Forgiving this shameful behavior for a moment, the reason why this often happens is because the data we’re analyzing were collected for reasons unrelated to our research objectives. In extreme cases data dredging has been likened to mining a landfill for gold. Sometimes we do strike gold and not all data are landfills, but the risks that we won’t find what we’re looking for are not trivial. There is also plenty of fool’s gold in them thar landfills. However, with so much data now at our fingertips, we’re easily tempted to believe that if we seek we will find…

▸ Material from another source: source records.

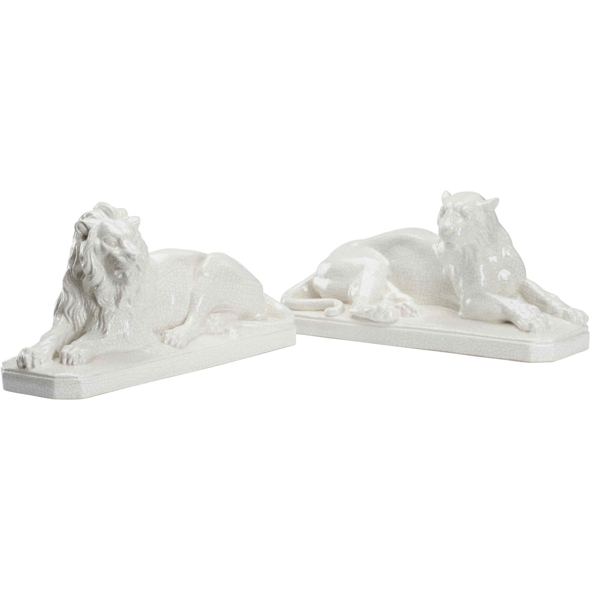The symbol of the lion has been an important symbol for many cultures for centuries. The White Lions Pair is simple in color and form, but brings grace and beauty to any design scheme.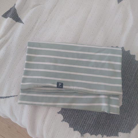 Mintunvihreä raidallinen tuubihuivi kevään/syksyn ulkoiluihin.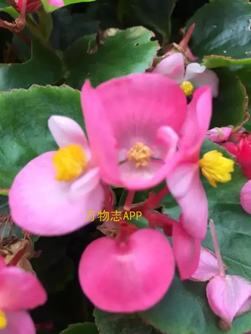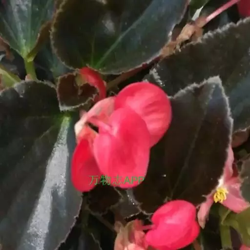 多年生常绿草本,茎直立,稍肉质,高15-30厘米。单叶互生,有光泽,卵圆至广卯圆形,长5-8厘米,宽3-6厘米,先端急尖或钝,基部稍心形而斜生,边缘有小齿和缘毛,绿色。聚伞花序腋生,具数花,花红色,淡红色或白色。蒴果具翅。花期3-12月。 四季秋海棠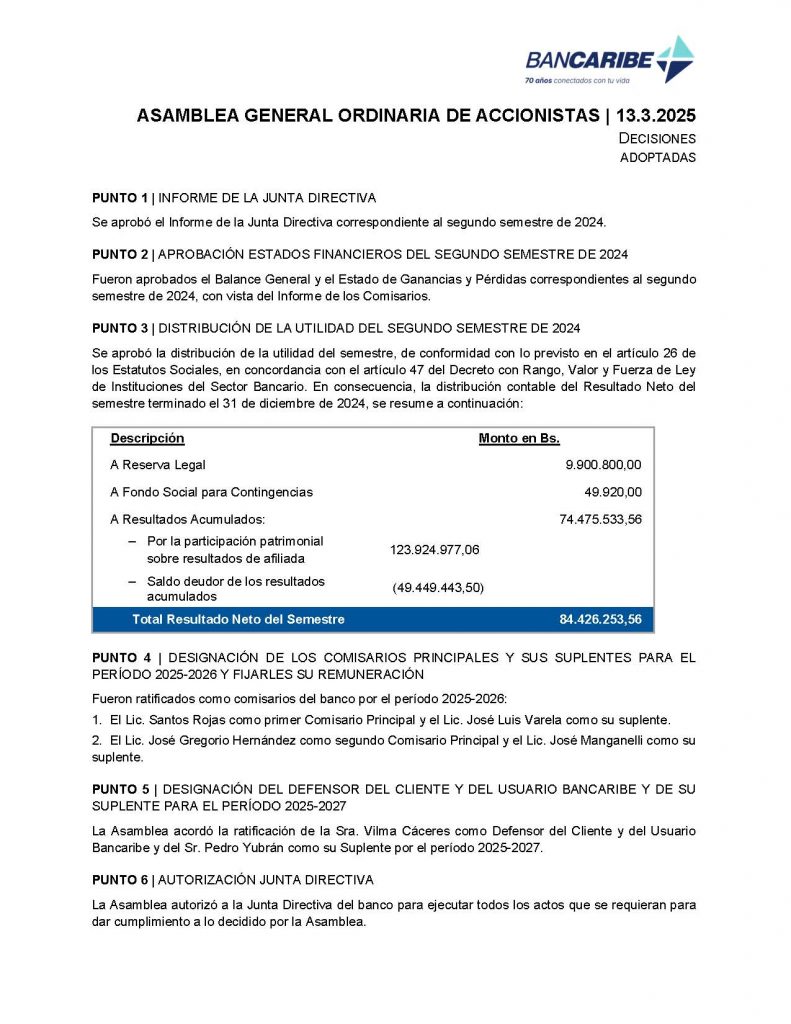 PUNTO 3 | DISTRIBUCIÓN DE LA UTILIDAD DEL SEGUNDO SEMESTRE DE 2024 Se aprobó la distribución de la utilidad del semestre, de conformidad con lo previsto en el artículo 26 de los Estatutos Sociales, en concordancia con el artículo 47 del Decreto con Rango, Valor y Fuerza de Ley de Instituciones del Sector Bancario. En consecuencia, la distribución contable del Resultado Neto del semestre terminado el 31 de diciembre de 2024, se resume a continuación

Primary research is often the better path. Wikipedia offers a concise definition of it (happily, free of goofy mixed metaphors):

Primary research involves the collection of original primary data. It is often undertaken after researchers have gained some insight into an issue by reviewing secondary research or by analyzing previously collected primary data. It can be accomplished through various methods, including questionnairesand telephone interviews in market research, or experiments and directobservations in the physical sciences, among others.

Again, from Wikipedia:

Secondary research (also known as desk research) involves the summary, collation and/or synthesis of existing research rather than primary research, in which data are collected from, for example, research subjects or experiments. Care should be taken to distinguish secondary research from primary research that uses raw secondary data sources. The key of distinction is whether the secondary source used has already been analyzed and interpreted by the primary authors.
 
In a market research context, secondary research is taken to include the reuse, by a second party, of any data collected by a first party or parties. Sometimes, secondary research is required in the preliminary stages of research to determine what is known already and what new data is required or else to inform research design. At other times, it may be the only research technique used.

The Purdue OWL provides more detail as well as tips and guidelines for certain kinds of primary research. An online search will lead you to many other useful documents, including full presentations on primary and secondary research that cover the advantages and disadvantages of each.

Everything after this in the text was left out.